Wednesday, February 24, 2010
God Loves Donuts
"Momma, dere's the cemetawy. Dat's where people go when they die. But I'm not going dere."
I've learned to keep my answers short, or to answer with a question. I don't want to complicate matters, and most of his questions/statements aren't answerable, anyway.
"You're not going there?"
"Nope. I'm going to stay a kid forevah, because I don't want to go in da cemetawy, and I don't want ahmpit hair."
"Everyone grows up, hon."
"Not me. I talked to God about it, and He said dat's okay."
"So what age do you want to be forever?"
"Seven. Like Sissy. She gets to go on da bus."
Last week, as we passed the cemetary, he was uncharacteristically quiet. I peeked into the backseat: his head was bowed and his lips were silently moving.
"What are you doing, Finn?"
"What are you praying for?"
"For da people in Heaven."
My heart swells. "That's nice, honey."
"Yeah. I was telling dem dat I won't see dem in Heaven because I'm nevah going to be a gwown up."
I don't know where this is coming from, because we haven't lost any family members recently, although our kitty, Coalie, died in November. I asked him if he was praying about Coalie.
"No, silly. Coalie had da nine lives. So he is wif another family now."
"When da sand runs out, somebody dies," he said.
I gulped. Here I am again: one of those parenting moments where I'm completely clueless. Is this a big deal? How do I respond?
"It's just a timer for a game, sweetie," I finally reply. "Nobody dies when the sand runs out."

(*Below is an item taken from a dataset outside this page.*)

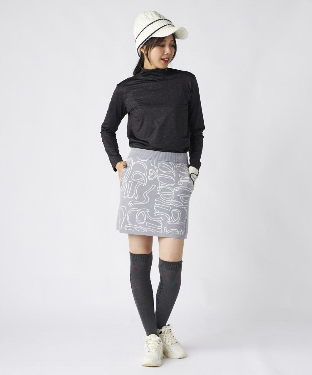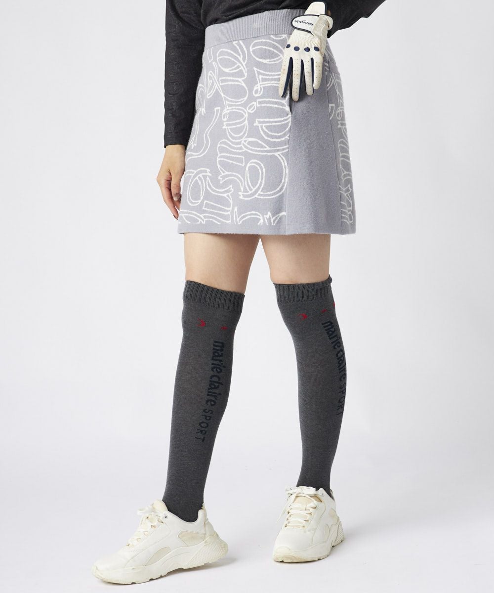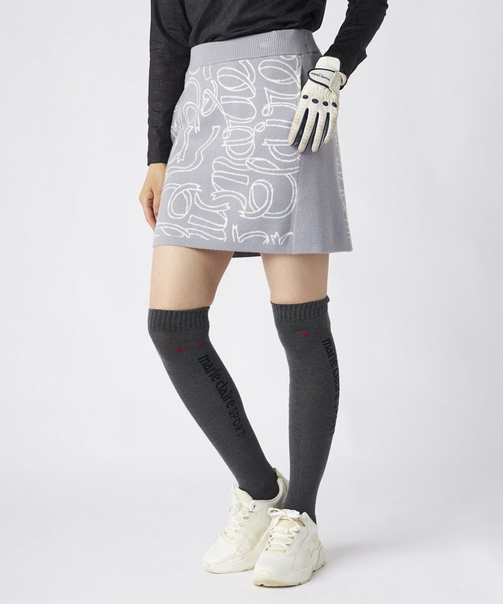 大胆なリボンロゴをあしらった、印象的なニットスカート。

He looks up at me. "Yes dey do!" He's grinning. He doesn't look sad, or traumatized, so I decide to let it go. A few minutes later I'm in the next room, and I hear his little singsong voice. Curious to see what he's saying, I peek around the corner. Oblivious to my prying eyes, Finn is looking at the hour glass, and singing a little prayer:
"It's okay, it's gonna be okay. God and da angels are in Heaven, and da Holy Spirits, and da bootiful clouds and da people and God and da angels are wif you. And da Holy Spirits. And God loves you, and God loves me, and God loves......" he pauses, ".... and God loves..... God loves....... DONUTS!"
I want to swoop in, hug him, tell him everything will be okay. But, of course, I can't promise that. And besides, he doesn't need comforting. He's okay. In his own little 4 year old way, he's working through his thoughts and fears. Or maybe he isn't afraid at all, maybe I'm just projecting my own fears into his innocent world.